At first, the society held its meetings in hired halls. Then in 1856, the "tomb", a vine-covered, windowless, brown-stone hall was constructed, where to this day the "Bonesmen" hold their "strange, occultish" initiation rites and meet each Thursday and Sunday.
On September 29, 1876, a group calling itself "The Order of File and Claw" broke into the Skull and Bones' holy of holies. In the "tomb" they found lodge-room 324 "fitted up in black velvet, even the walls being covered with the material." Upstairs was lodge-room 322, "the 'sanctum sanctorium' of the temple... furnished in red velvet" with a pentagram on the wall. In the hall are "pictures of the founders of Bones at Yale, and of members of the Society in Germany, when the chapter was established here in 1832." The raiding party found another interesting scene in the parlor next to room 322.
From "The Fall Of Skull And Bones":
"On the west wall, hung among other pictures, an old engraving representing an open burial vault, in which, on a stone slab, rest four human skulls, grouped about a fools cap and bells, an open book, several mathematical instruments, a beggar's scrip, and a royal crown. On the arched wall above the vault are the explanatory words, in Roman letters, 'We War Der Thor, Wer Weiser, Wer Bettler Oder, Kaiser?' and below the vault is engraved, in German characters, the sentence; 'Ob Arm, Ob Beich, im Tode gleich.'
The picture is accompanied by a card on which is written, 'From the German Chapter. Presented by D. C. Gilman of D. 50'."
Daniel Coit Gilman ('52), along with two other "Bonesmen," formed a troika which still influences American life today.
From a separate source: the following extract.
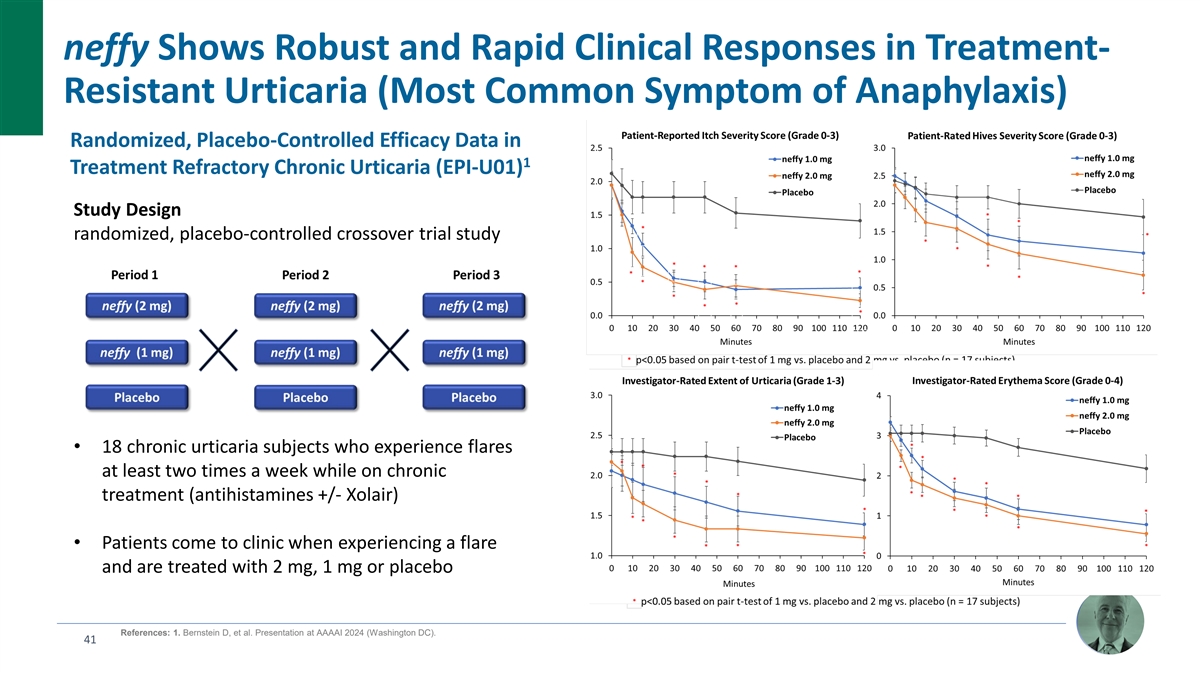 neffy Shows Robust and Rapid Clinical Responses in Treatment- Resistant Urticaria (Most Common Symptom of Anaphylaxis) Randomized, Placebo-Controlled Efficacy Data in 1 Treatment Refractory Chronic Urticaria (EPI-U01) Study Design randomized, placebo-controlled crossover trial study • 18 chronic urticaria subjects who experience flares at least two times a week while on chronic treatment (antihistamines +/- Xolair) • Patients come to clinic when experiencing a flare and are treated with 2 mg, 1 mg or placebo References: 1. Bernstein D, et al. Presentation at AAAAI 2024 (Washington DC). 41
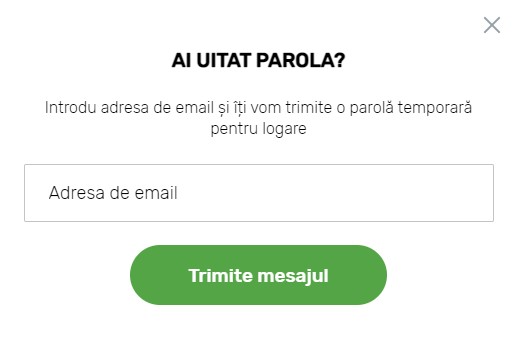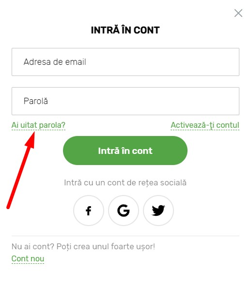 1. În fereastra de logare, dă click pe butonul "Ai uitat parola?", aflat sub câmpul de introducere a parolei.

Soon after their initiation in Skull and Bones, Daniel Gilman, Timothy Dwight ('49) and Andrew Dickinson White ('53) went to study philosophy in Europe at the University of Berlin. Gilman returned from Europe and incorporated Skull and Bones as Russell Trust, in 1856, with himself as Treasurer and William H. Russell as President. He spent the next fourteen years in New Haven consolidating the order's power.
Gilman was appointed Librarian at Yale in 1858. Through shrewd political maneuvering, he acquired funding for Yale's science departments (Sheffield Scientific School) and was able to get the Morrill Land Bill introduced in Congress, passed and finally signed by President Lincoln, after being vetoed by President Buchanan.
This bill, "donating public-lands for State College for agriculture and sciences", is now known as the Land Grant College Act. Yale was the first school in America to get the federal land scrip and quickly grabbed all of Connecticut's share at the time. Pleased by the acquisitions, Yale made Gilman a Professor of Physical Geography.
Daniel was the first President of the University of California. He also helped found, and was the first president of, John Hopkins.
Gilman was first president of the Carnegie Institution and involved in the founding of the Peabody, Slater and Russell Sage Foundations.
His buddy, Andrew D. White, was the first president of Cornell University (which received all of New York's share of the Land Grant College Act), U.S. Minister to Russia, U.S. Ambassador to Berlin and first president of the American Historical Association. White was also Chairman of the American delegation to the first Hague Conference in 1899, which established an international judiciary.
Timothy Dwight, a professor at Yale Divinity School, was installed as president of Yale in 1886. All presidents since, have been either "Bonesmen" or directly tied to the Order and its interests.
The Daniel/Gilman/White trio was also responsible for the founding of the American Economic Association, the American Chemical Society and the American Psychological Association. Through their influences on John Dewey and Horace Mann, this trio continues to have an enormous impact on education today.